[Extracted material]
* * * *

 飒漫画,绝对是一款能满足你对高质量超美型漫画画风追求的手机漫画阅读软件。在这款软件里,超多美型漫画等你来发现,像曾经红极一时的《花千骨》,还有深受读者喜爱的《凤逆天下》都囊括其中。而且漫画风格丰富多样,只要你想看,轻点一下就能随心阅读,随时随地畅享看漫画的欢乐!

* * * *

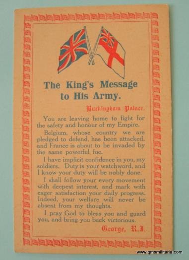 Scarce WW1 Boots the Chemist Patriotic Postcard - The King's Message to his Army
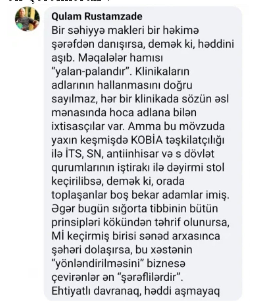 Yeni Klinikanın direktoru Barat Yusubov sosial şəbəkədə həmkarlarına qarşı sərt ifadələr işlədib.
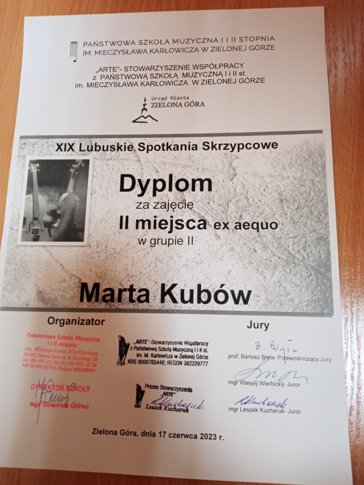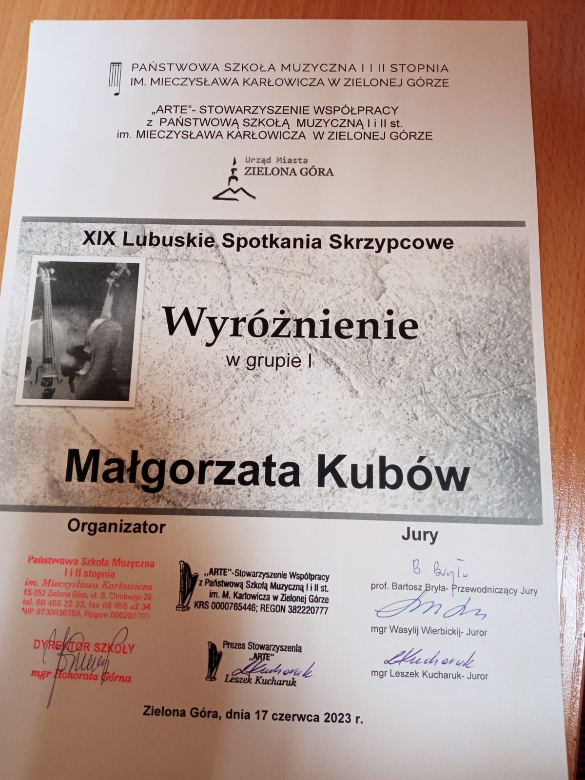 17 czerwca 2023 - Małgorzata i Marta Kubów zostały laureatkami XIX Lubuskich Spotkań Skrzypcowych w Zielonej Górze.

* * * *

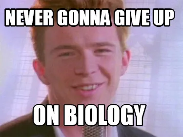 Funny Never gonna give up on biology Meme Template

* * * *

[Problem]
Starting at the line above that holds "Yeni Klinikanın direktoru", return each line up to and including the one that holds "17 czerwca 2023", exactly as written, minus any pictures.

[Answer area]
 Yeni Klinikanın direktoru Barat Yusubov sosial şəbəkədə həmkarlarına qarşı sərt ifadələr işlədib.
 17 czerwca 2023 - Małgorzata i Marta Kubów zostały laureatkami XIX Lubuskich Spotkań Skrzypcowych w Zielonej Górze.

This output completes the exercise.